07-28-2022, 12:02 PM
(07-28-2022, 09:51 AM)J.W. Wrote: A person that has work through any knots within themselves do not "explode" when being tested.
I would agree. But such a person does not exist. Might not even be possible to have an existence, I would argue.
(07-28-2022, 09:51 AM)J.W. Wrote: Just because you show extraordinary patience to triggers that others may not, does not mean you are "peaceful" or "passive."
Also, it is not a "token" for the angry outburst when it happens.
The "shock" is not from you suddenly "breaking" out of your normal and expected behavior.
But it is from the sudden realization that this person is capable of violence. (Not that you intended to be)
There is a true color under the sheep clothing.
The "shock" is from expectations not being met. The issue, if there is any issue in this, comes from the person having an expectation. I have observed that many people expect others to be perfect. They are often not aware they have that expectation, but when it inevitably goes unmet, it creates frustrations. Without doing some work to drop that unseen expectation, we end up being able to muster some frustrations towards anyone and everyone. Since no one is perfect and could ever meet all expectations.
Each of us have that violence inside of us without exception. That one is easy enough to understand, because each of us contains all things period. While that is true, we still have choices. That is what we are. We represent one particular flow of choices from the One.
(07-28-2022, 09:51 AM)J.W. Wrote: The emotion, the reaction, and the causation are not placed "externally" ... Just because someone want you to be angry to "satisfy" their own social constructed need, does not mean the anger is justify.
Not understanding why a passive person could suddenly turn into a bomb out of nowhere is more of masking rather than just going with the flow.
Remember, anger is not the primary reason, there is a "hurt" underneath being ignored.
I hope you speak to someone.
Indeed, an angry outburst from myself might very well not be justified. Such a thing seems to happen to me once per about 2-3 years. It is so sparse that it frustrates people's expectations maybe more than it normally would.
After the fact, I meditate on it and what I shared in my previous post are my observations/intuitions. Mainly that it happened for a good reason which appears with some clarity in meditation, but not enough for my taste.
For example, you mention a hurt, just having our expectations going unmet is enough to hurt us. It is a shared responsibility. We could get hurt by someone just because they disagree with us. If we expected them to agree with us.
The way I see it, this is a question of managing our expectations. I do work closely with my wife on all such things and catalysts. Also with my co-workers. Those whom have known me for decades are nonetheless taken aback when they see me angry. To give you an idea of an "outburst" of anger from me that happens every few years: Corporate Infra has been steadily increasing the ridiculous level of bureaucracy to get anything done and at a meeting practically orders me to follow their latest non-sensical procedure for which we have been arguing and debating for months and I say with a clear and cutting voice: "No!". That is me having an angry outburst. Basically drawing a limit line to how much power mongering I am able to patiently and rationally deal with.

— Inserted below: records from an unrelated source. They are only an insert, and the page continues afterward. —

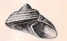 Drawing with an apertural view of a shell of Margarites vorticiferus
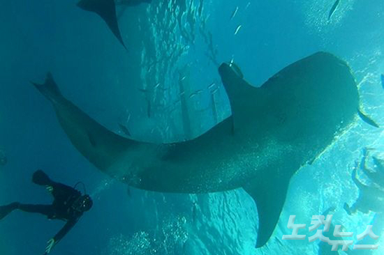 세부의 바다속에서 체험하는 오슬롭투어를 통해 만나는 고래상어는 대자연의 감동을 느끼게 해준다(사진=세부다이어리 제공)
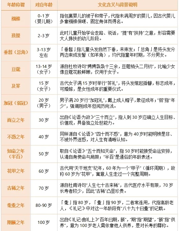 花甲之年、古稀之年、耄耋之年、期颐之年
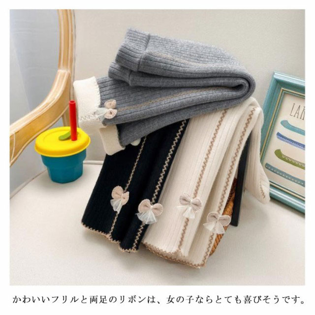 子供服 女の子 ロングパンツ 裏起毛 リボン レギンス ベビー キッズ 暖かい 秋冬 厚手 ボトムス 保温 あったか 防寒 子ども おしゃれ 可愛い ガールズ 女児 通学 通園 80 90 100 110 120 130 送料無料

(07-28-2022, 09:51 AM)J.W. Wrote: A person that is angry all the time is actually less concerning to a therapist like myself than a person that have sudden "episodes" and acting benign about it due to some kind of spiritual text they read somewhere.

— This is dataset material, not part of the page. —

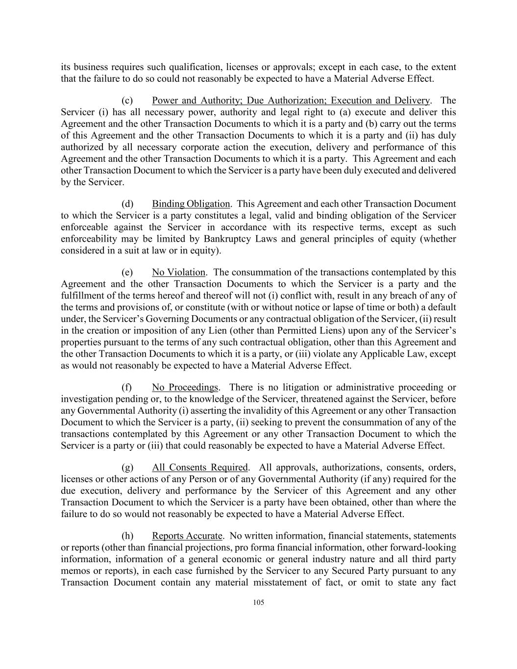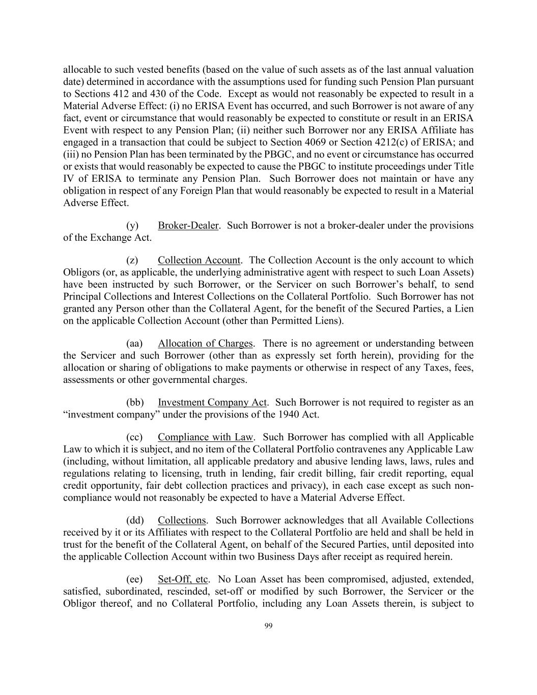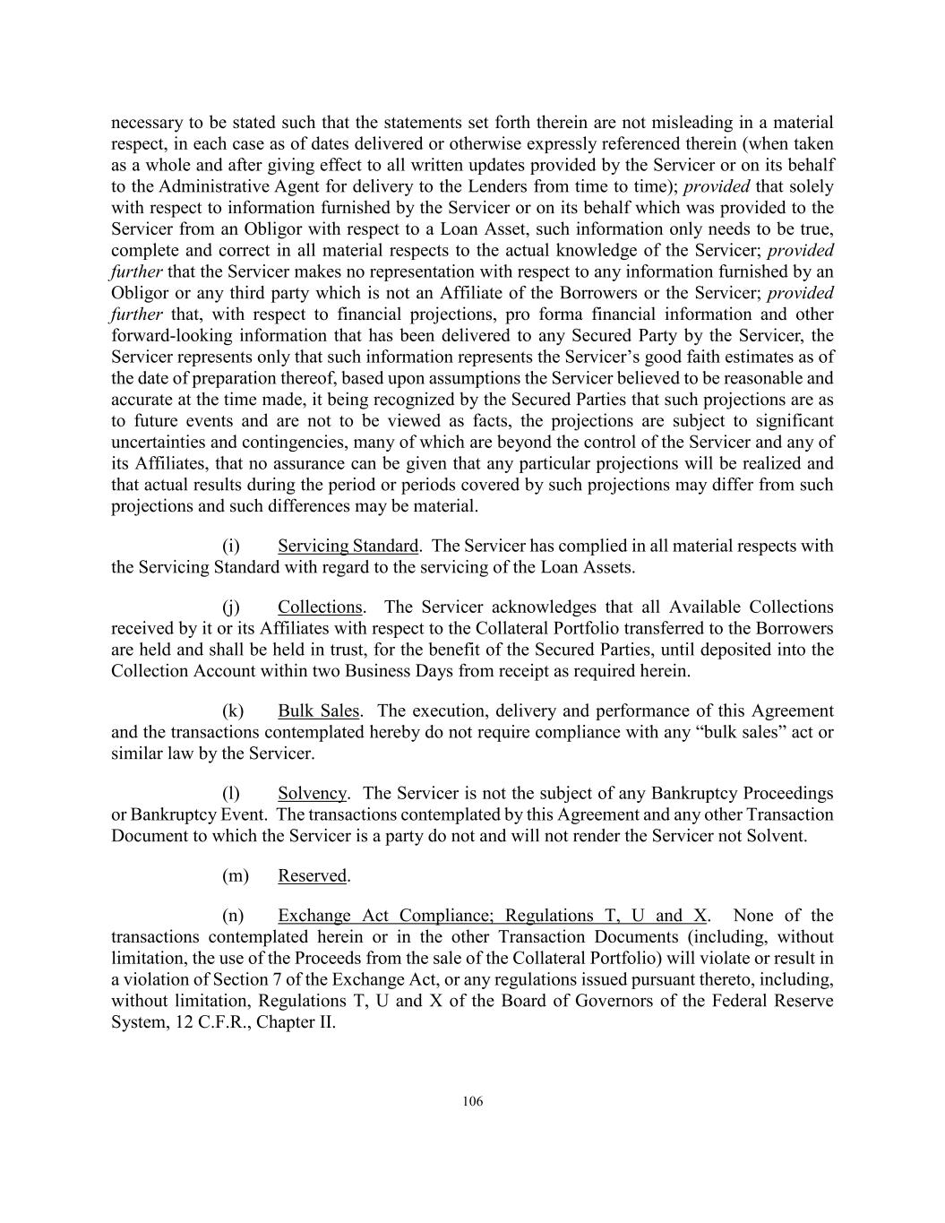 124 (m) Acquisition of Loan Assets. The Servicer shall ensure that each Loan Asset originated or acquired by the Borrowers is originated or acquired in compliance with its standard and customary practices as permitted hereunder. (n) Sanctions. The Servicer will maintain in effect policies and procedures designed to promote compliance by the Servicer, its Subsidiaries, and its directors and officers with applicable Sanctions and with the FCPA and any other applicable anti-corruption laws. (o) Accounting Changes. As soon as possible and in any event within three Business Days after the effective date thereof, the Servicer will provide to the Administrative Agent notice of any material change in the accounting policies of the Servicer. (p) Proceedings Related to the Collateral Portfolio. The Servicer shall notify the Administrative Agent within three Business Days after any Responsible Officer of the Servicer receives notice or has actual knowledge of any settlement of, judgment (including a judgment with respect to the liability phase of a bifurcated trial) in or commencement of any labor controversy, litigation, action, suit or proceeding before any court or governmental department, commission, board, bureau, agency or instrumentality, domestic or foreign, that could reasonably be expected to have a Material Adverse Effect on the interests of the Collateral Agent or the Secured Parties in, to and under the Collateral Portfolio. Solely, for purposes of this Section 5.03(p), any settlement, judgment, labor controversy, litigation, action, suit or proceeding affecting the Collateral Portfolio or the Collateral Agent’s or the Secured Parties’ interest in the Collateral Portfolio that could reasonably be expected to reduce the value of the Collateral Portfolio in excess of $2,500,000 (after any expected insurance proceeds) or more shall be deemed to be expected to have such a Material Adverse Effect. (q) Compliance with Legal Opinions. The Servicer shall take all other actions necessary to maintain the accuracy of the factual assumptions set forth in the legal opinions Dechert LLP, as counsel to each Borrower, issued in connection with and relating to the issue of non-consolidation of such Borrower with the Equityholder. (r) Instructions to Administrative Agents and Obligors. The Servicer shall direct any agent or administrative agent for any Loan Asset to remit all payments and collections with respect to such Loan Asset directly to the applicable Collection Accounts. The Borrowers and the Servicer shall take commercially reasonable steps to ensure that only funds constituting payments and collections relating to Loan Assets shall be deposited into the applicable Collection Accounts. (s) Capacity as Servicer. The Servicer will ensure that, at all times when it is dealing with or in connection with the Loan Assets in its capacity as Servicer, it holds itself out as Servicer, and not in any other capacity. (t) Eligible Loan Status. On each Determination Date, the Servicer (on behalf of the Borrowers) shall confirm the status of each Eligible Loan Asset as of such date and provide notice of any change in the status of any Eligible Loan Asset to the Collateral Agent and, as a consequence thereof, Loan Assets that were previously Eligible Loan Assets on a prior

Hope you resolve whatever that hurts you Patrick
Thank you, there is really no need to worry. I believe my current approach of working on myself to be quite efficient. In the past, I lived for a while with a cousin that is a psychotherapist. That was a very enlightening experience. That is where I learned that all of us without exception whatsoever would benefits from regular therapy. It should be like brushing our teeth. Just another aspect of ourselves that needs as much attention.